Часть 38 из 54 В начало
Для доступа к библиотеке пройдите авторизацию
Дядю наш взбудораженный вид моментально вдохновил. Василий Степанович вскочил из-за стола, теребя в руках ключи, и бросился впереди нас на улицу. Моя невеста Надя во все глаза смотрела на меня из раскрытой двери бухгалтерии и что-то говорила.

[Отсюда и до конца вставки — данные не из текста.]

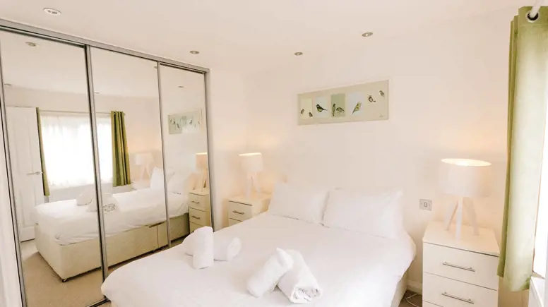 The master bedroom features a king side bed, and a separate door to the main shower room. The second bedroom features bunk beds.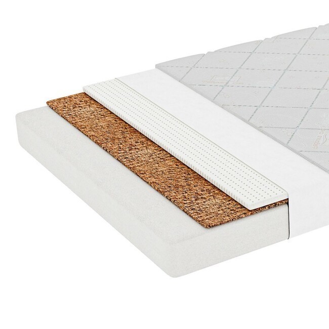 Кокосовая койра придаёт необходимую жесткость матрасу, а натуральный латекс в свою очередь смягчает поверхность, делая её сбалансированной и комфортной для здорового сна ребёнка.

— Потом, Наденька! — крикнул я ей и выбежал на крыльцо.
А минут через пять мы с Блоцким уже стояли в безлюдном переулке возле забора. По нашей просьбе дядя высадил нас на перекрестке и укатил в обратном направлении.
Набрав старухин телефон, я долго ждал, пока не услышал ее голос.
— Да, — проскрипела она, — я вас слушаю, говорите.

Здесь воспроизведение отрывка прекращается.